> **TASK STATEMENT**
The expected output is every line of the data exactly as shown, minus the images.

-- GIVEN RECORDS follows --

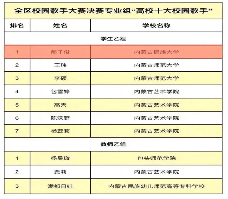 12月22日,由内蒙古自治区党委宣传部指导,内蒙古自治区教育厅、内蒙古自治区文学艺术界联合会联合主办,内蒙古艺术学院承办的“正青春·颂中华”2023年全区大学生艺术节校园歌手大赛决赛在呼和浩特市落下帷幕。我校荣获优秀组织奖,音乐学院学生郝子俊荣获第一名,并获得专业组“高校十大校园歌手”荣誉称号。
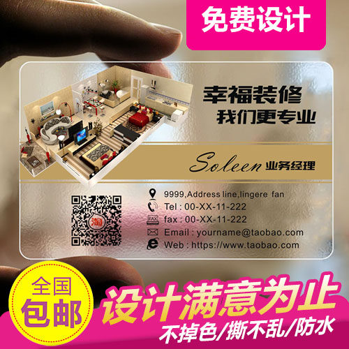 名片制作印刷免费设计包邮装修个性创意高档透明pvc磨砂卡订定制热门设计联盟服务商
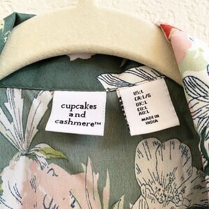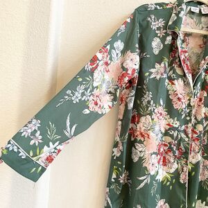 Cupcakes & Cashmere Women's Green Floral Button Down Pajama Night Shirt Sz L
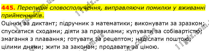 Перепиши словосполучення, виправляючи помилки у вживанні прийменників. Оцінки за диктант; підручник з математики; виконувати за зразком; спускатися сходами; діяти за правилами; купувати за собівартістю; змагання з плавання; готувати за рецептом; надіслати поштою; цілими днями; жити за законом; продавати за ціною.
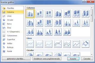 Se mostrará el cuadro de diálogo Insertar gráfico de donde podrás seleccionar el tipo de gráfico que deseas utilizar.
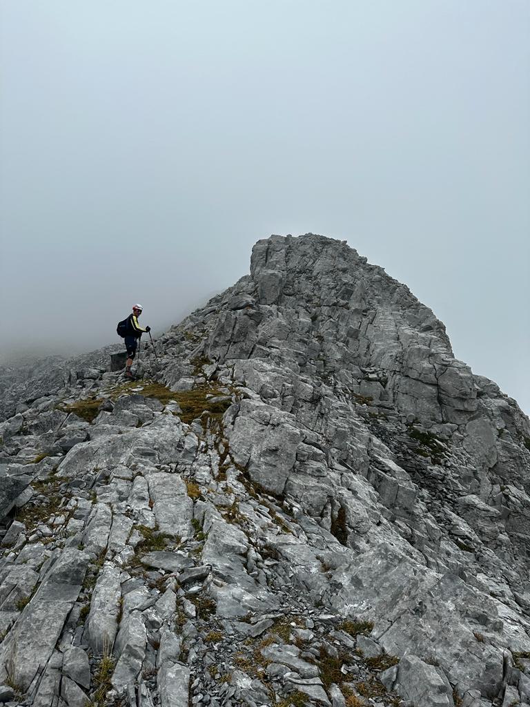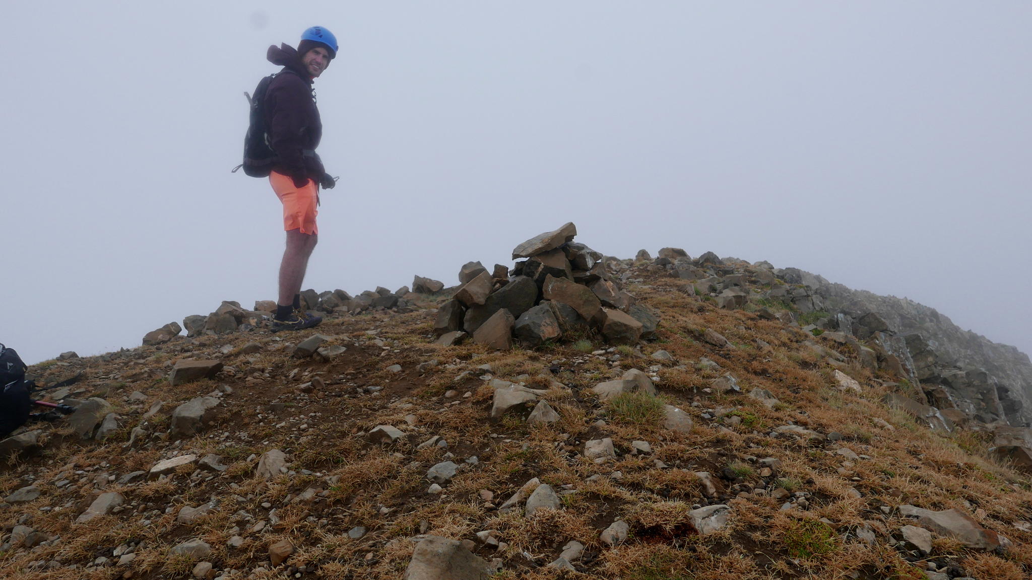 Prácticamente en la brecha trepamos por roca a la antecima, a nuestra izquierda; bajamos la pequeña brecha que nos separa de la cima y, rápidamente, nos encaramamos a la Peña Otal (2705m 2h25′). El frío, el viento y la niebla no nos animan a permanecer mucho rato. Unas fotos rápidas y descenso al valle, al aparcamiento (1260m 4h 18′)

-- GIVEN RECORDS concluded --

> **YOUR RESPONSE**
 12月22日,由内蒙古自治区党委宣传部指导,内蒙古自治区教育厅、内蒙古自治区文学艺术界联合会联合主办,内蒙古艺术学院承办的“正青春·颂中华”2023年全区大学生艺术节校园歌手大赛决赛在呼和浩特市落下帷幕。我校荣获优秀组织奖,音乐学院学生郝子俊荣获第一名,并获得专业组“高校十大校园歌手”荣誉称号。
 名片制作印刷免费设计包邮装修个性创意高档透明pvc磨砂卡订定制热门设计联盟服务商
 Cupcakes & Cashmere Women's Green Floral Button Down Pajama Night Shirt Sz L
 Перепиши словосполучення, виправляючи помилки у вживанні прийменників. Оцінки за диктант; підручник з математики; виконувати за зразком; спускатися сходами; діяти за правилами; купувати за собівартістю; змагання з плавання; готувати за рецептом; надіслати поштою; цілими днями; жити за законом; продавати за ціною.
 Se mostrará el cuadro de diálogo Insertar gráfico de donde podrás seleccionar el tipo de gráfico que deseas utilizar.
 Prácticamente en la brecha trepamos por roca a la antecima, a nuestra izquierda; bajamos la pequeña brecha que nos separa de la cima y, rápidamente, nos encaramamos a la Peña Otal (2705m 2h25′). El frío, el viento y la niebla no nos animan a permanecer mucho rato. Unas fotos rápidas y descenso al valle, al aparcamiento (1260m 4h 18′)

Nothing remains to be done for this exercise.